Captain Regent of San Marino
- In office 1 April 2013 – 1 October 2013 Serving with Antonella Mularoni
- Preceded by: Teodoro Lonfernini Denise Bronzetti
- Succeeded by: Gian Carlo Capicchioni Anna Maria Muccioli

Personal details
- Born: 10 June 1972 (age 54) San Marino, San Marino
- Party: Sammarinese Christian Democratic Party

= Denis Amici =

Sammarinese politician

Denis Amici (born 10 June 1972) is a Sammarinese politician who served as Captain Regent of San Marino alongside Antonella Mularoni from April 2013 until October 2013.

==Biography==
Amici was born on 10 June 1972 in the City of San Marino, San Marino, a small country in Europe completely surrounded by Italy.

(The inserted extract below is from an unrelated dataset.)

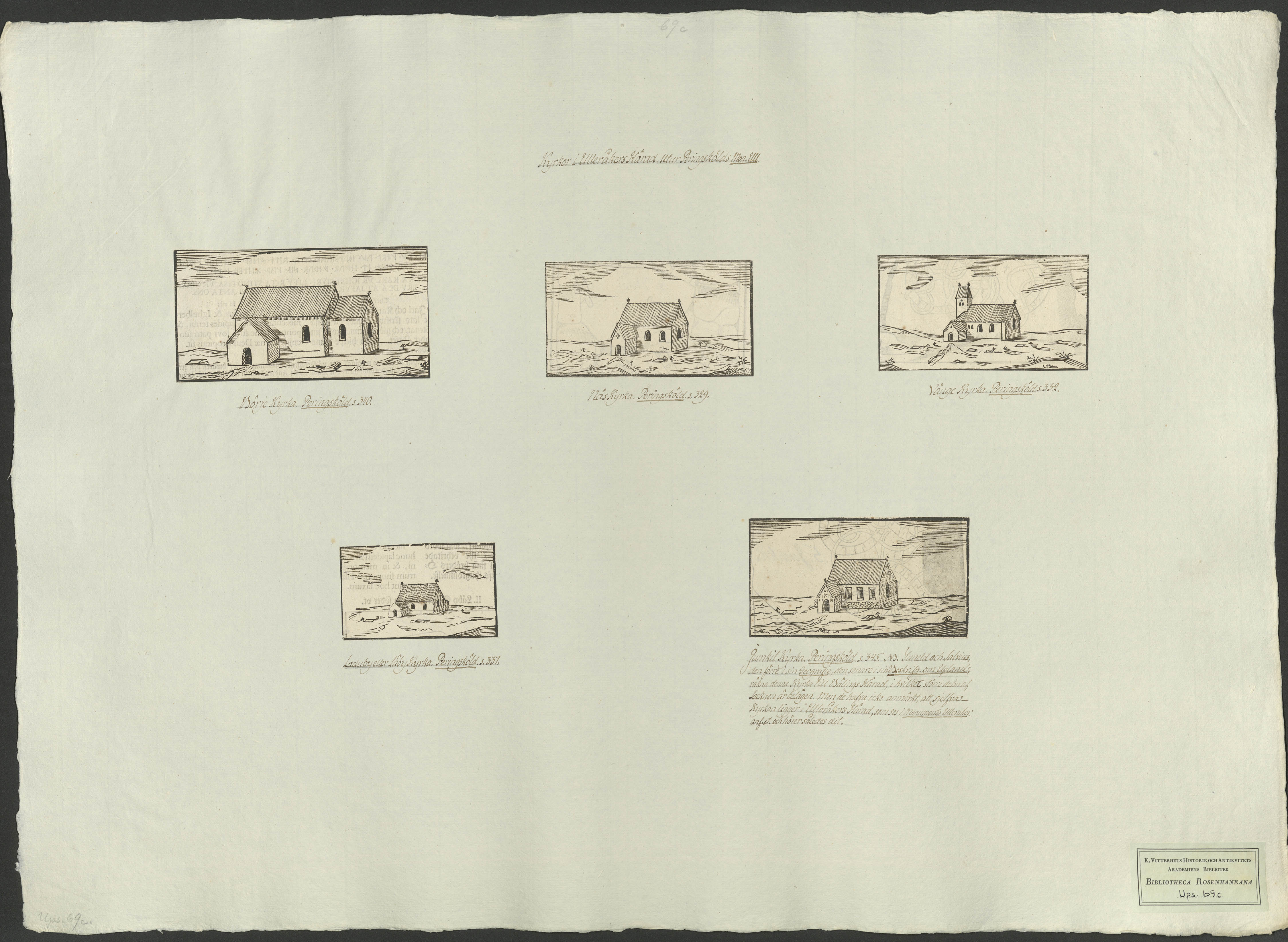 Beskrivning: 1 grafiskt bl. : Fem teckningar av kyrkor: Börje, Näs, Vänge, Läby och Jumkil.

Amici has a degree in Accounting and Business, taking over his father's company in 1999. He first entered politics in 2008 and is a member of the Sammarinese Christian Democratic Party. Amici was elected to the parliament in 2012. On 21 March 2013 Amici, together with Antonella Mularoni, was elected joint Captain Regent of San Marino for a six-month term, starting on 1 April and ending on 1 October. Amici lives in Fiorentino, one of the nine municipalities of the country.